さらに、「manaba folio」は従来の授業では実現がむずかしかった「相互評価」も簡単にできるようになっています。学生が「自分はこういう風に書いたけど、友人のA君はどんなレポートを書いているんだろう」と思ったら、「manaba folio」にアクセスして、他の人のレポートを見ることができます。
これまでの授業は「先生 対 学生個人」の評価だけでしたが、「manaba folio」を利用することで、「学生同士」の網目状の評価ができることになるのです。
「manaba folio」の最大のメリットは、「可視化」です。ポートフォリオにはレポートだけでなく、先生からの評価や自分で作成した学習資料も貯まっていきます。学生は自分がどんな勉強をしてきたか、ポートフォリオを見れば振り返ることができますし、先生も学生のポートフォリオを見ることで、学習のプロセスを俯瞰できます。
現在、「manaba folio」で作成したポートフォリオを電子書籍化する機能の開発を進めています。レポートや卒論を電子書籍化すると、就職活動の時に企業に対し、学習成果をアピールするために持って行くということができるようになります。
美術系の学校では、就職活動の際にポートフォリオ(作品集)を企業に持って行くということは行われていますが、「manaba folio」に電子書籍化機能が加わることで、どの学科の大学もできるようになるわけです。学生が大学で何を学んできたか具体的に見ることができることは、企業にとってもメリットになるはずです。これからは、「manaba folio」のポートフォリオを電子書籍化して、履歴書と一緒に提出するという新しい就職活動のやり方がスタンダードになればよいなと考えています。
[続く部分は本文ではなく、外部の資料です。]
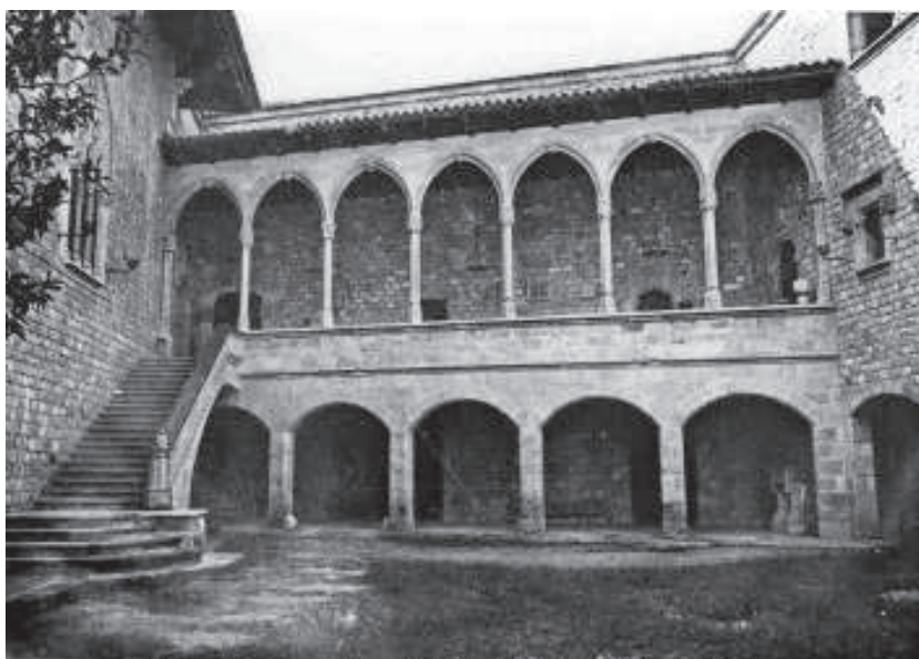
La mateixa galeria, al castell de Santa Florentina, de Canet de Mar

ポートフォリオを電子書籍化して就職活動の時に利用できるようになると、他にもさまざまな効果が生まれると思っています。まず、学生は入学時から真摯に学習に取り組むようになるでしょう。「入学してこれから勉強することが、そのまま就職に活きてくる」と学生が実感するからです。もう一つ、企業側にとっては、「あの大学の先生はこういう講義をするのか」という視点も生まれてくるでしょう。近年、FD(ファカルティ・デベロップメント)*3ということが言われていますが、ポートフォリオを企業に対して公開することで、第三者(=企業)の評価の視点が入り、結果的に大学の教育の質の向上に貢献することになるとも思っています。
*1 全国34の大学
2010年7月30日現在。
*2 ポートフォリオ
作品や資料、成績などあらゆる学習の成果物を一元的に蓄積したもの。
*3 FD
Faculty Developmentの略。大学教員の資質・能力の向上を目指すの意味。